Homozygous Loss of Septin12, but not its Haploinsufficiency, Leads to Male Infertility and Fertilization Failure

Abstract

The SEPTIN12 gene has been associated with male infertility. Male Septin12 ^+/- chimera mice were infertile, supporting the prevailing view that SEPTIN12 haploinsufficiency causes male infertility. In this study, we identified a heterozygous mutation on SEPTIN12, c.72C>A (p.Cys24Ter) in the male partner of a patient couple, who had a previous fertilization failure (FF) after intracytoplasmic sperm injection (ICSI) and became pregnant after ICSI together with artificial oocyte activation (AOA). To investigate the role of SEPTIN12 in FF and oocyte activation, we constructed Septin12 knockout mice. Surprisingly, Septin12 ^-/- male mice, but not Septin12 ^+/- male mice, are infertile, and have reduced sperm counts and abnormal sperm morphology. Importantly, AOA treatment enhances the 2-cell embryo rate of ICSI embryos injected with Septin12 ^-/- sperm, indicating that FF caused by male Septin12 deficiency is overcome by AOA. Mechanistically, loss of PLCζ around the acrosome might be the reason for FF of Septin12 ^-/- sperm. Taken together, our data indicated that homozygous knockout of Septin12, but not Septin12 haploinsufficiency, leads to male infertility and FF.
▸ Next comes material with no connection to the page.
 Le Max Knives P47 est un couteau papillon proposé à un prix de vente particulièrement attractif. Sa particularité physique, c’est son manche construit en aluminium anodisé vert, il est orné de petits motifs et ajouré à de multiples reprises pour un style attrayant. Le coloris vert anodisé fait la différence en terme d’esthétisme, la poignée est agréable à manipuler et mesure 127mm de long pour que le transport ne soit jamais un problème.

Keywords: SEPTIN12; calcium oscillation; fertilization failure; male infertility; oocyte activation.

FIGURE 1

Male infertility of Septin12 ^−/− mice. (A) Sequencing chromatograph showing the c.72C>A mutation on SEPTIN12 in the male patient. (B) Schematic illustration of the strategy for knocking out the Septin12 gene by CRISPR/Cas9. Genotyping primers F1, R1, and R2 are marked by arrows. (C) Genotyping of WT, Septin12 ^+/−, and Septin12 ^−/− mice by PCR. A 371 bp band is amplified from the WT allele with primers F1 and R1, while a 608 bp band is amplified from the KO allele with primers F1 and R2. (D) Male fertility of WT, Septin12 ^+/−, and Septin12 ^−/− mice.

FIGURE 2

Abnormal sperm morphology and motility in Septin12 ^−/− male mice. (A) The morphology of the testis from WT, Septin12 ^+/−, and Septin12 ^−/− mice. (B) Testis weight of WT, Septin12 ^+/−, and Septin12 ^−/− mice (n = 5 for each genotype). NS stands for not statistically significant. (C,D) Hematoxylin and eosin staining of testis (C) and epididymis (D) sections from WT, Septin12 ^+/−, and Septin12 ^−/− mice. Scale bars, 100 μm. (E–H) Sperm count (E), morphology (F,G), and motility (H) of WT, Septin12 ^+/−, and Septin12 ^−/− mice (n = 5 for each genotype). Sperms were isolated from the epididymis. The data are represented as means ± SD, ***p < 0.001. (F) Scale bars, 10 μm. (I) Ca²⁺ oscillation profiles of ICSI embryos with sperms from WT mice (left panel) or Sept12 ^−/− mice (right panel). The numbers in parentheses denote the fraction of embryos presented in the plots. The numerator is the number of ICSI embryos represented in the plot from two independent experiments, and the denominator is the total number of ICSI embryos from two independent experiments.

FIGURE 3

Disturbed distribution of PLCζ and acrosome malformation in Septin12 ^−/− spermatozoa. (A,B) Immunofluorescence staining of PLCζ (A) and SEPTIN12 (B) in spermatozoa isolated from the epididymis of WT, Septin12 ^+/−, and Septin12 ^−/− mice. Scale bars: 10 μm. (A) The PLCζ signal at the acrosome region is marked by solid white triangle, and the dashed triangle shows the lack of PLCζ signal at the acrosome region of Septin12 ^−/− spermatozoa. (B) The signals of SEPTIN12 at the neck and annulus are indicated by solid white arrows and triangles, respectively. Dashed arrow and triangle point to the neck and annulus without SEPTIN12 signal. (C,D) Immunofluorescence staining of PLCζ (C) and acrosome (D) in testis sections of WT, Septin12 ^+/−, and Septin12 ^−/− mice. Enlarge images are shown in the right side. Scale bars: 50 μm. (D) The acrosome was stained by Alexa Fluor 488-lectin-PNA. (E) Immunofluorescence staining of acrosome in spermatozoa isolated from the epididymis of WT, Septin12 ^+/−, and Septin12 ^−/− mice. Scale bar: 10 μm.